Module 6

Introduction to phylogenies and pangenomes

Phylogenetics

Phylogenetics is the study of evolutionary relationships among biological entities (e.g., species, genes). A phylogeny is a hypothesis explaining potential relationships between different organisms based on the data provided, which in our case will be DNA sequences.

Parts of a phylogeny (T. Ryan Gregory, 2008).

  • nodes: points at the ends of branches which represent sequences or hypothetical sequences at various points in evolutionary history (includes tips and internal nodes, including the root)

  • tips (taxa, leaves, external nodes): the individuals (e.g., bacterial isolates) that we sampled and used to construct our phylogeny, which occur on single terminal branches

  • internal nodes: occur at the points where more than one branch meet and represent the (usually inferred) ancestral sequences

  • root: the most recent common ancestor of all taxa in a tree (note that most methods of phylogenetic reconstruction do not estimate the position of the root; as such, they produce “unrooted trees”)
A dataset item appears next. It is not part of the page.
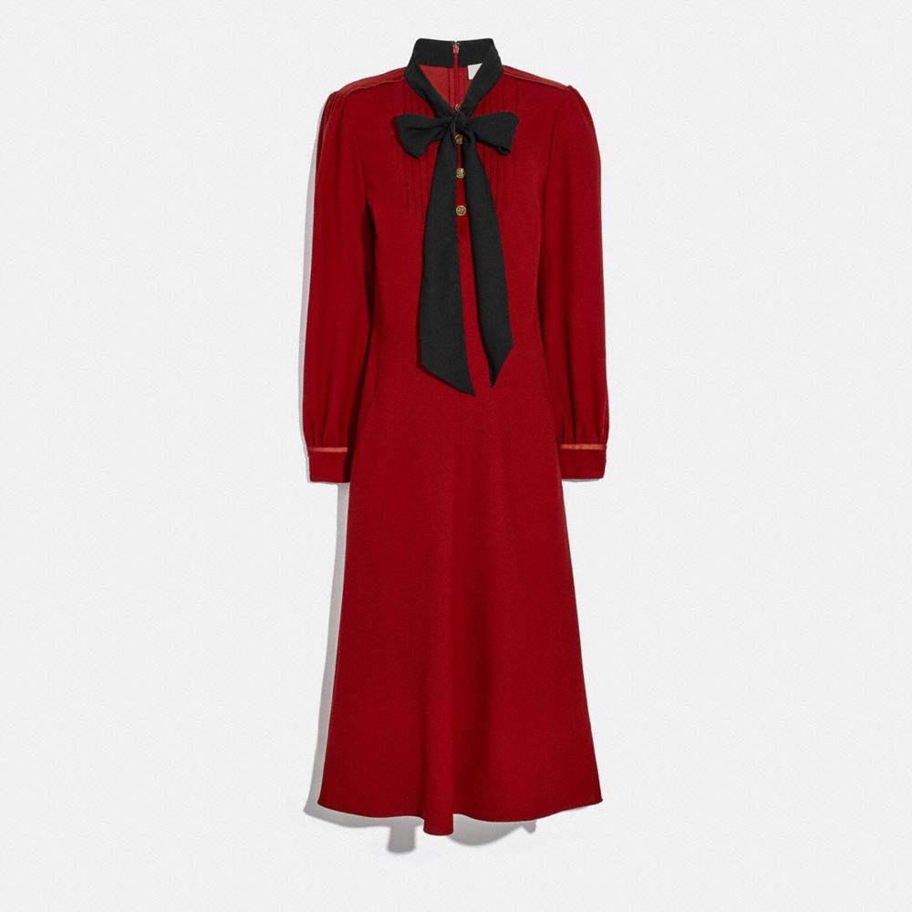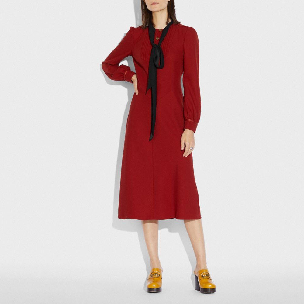 A vintage-inspired silhouette, this sophisticated midi dress features a slim-fit bodice and voluminous blouson sleeves. The slightly A-line style is finished with a pleated bib and long neck tie to wear undone, as a relaxed knot or a voluminous bow.

Rooting a tree: before and after (note the branch lengths are not to scale; EMBL-EBI).
  • branches: show the path of transmission of genetic information from one generation to the next. Branch lengths indicate genetic change (the longer the branch, the more genetic change/divergence has occurred). Typically, the extent of genetic change is measured by estimating the average number of nucleotide or protein substitutions per site.

Representing branch lengths on a phylogeny using labels (left) and a scale bar (right; EMBL-EBI).
  • topology: the branching structure of a tree, which indicates patterns of relatedness among taxa (trees with the same topology and root have the same biological interpretation)

Examples of trees with the same (top) and different (bottom) topologies (EMBL-EBI).
  • bootstrapping: within phylogenetics, an approach to estimate confidence in a phylogeny’s topology

Why do we care about phylogenies?

Phylogenies help us understand how genes, organisms, and genomes evolve. In the public health arena, phylogenies are one of the most important tools we have to help us understand how pathogens evolve (e.g., where they came from, how they spread, how they are transmitted between hosts, if they are responsible for outbreaks, illnesses, or infections). These insights are critical for informing public health policy.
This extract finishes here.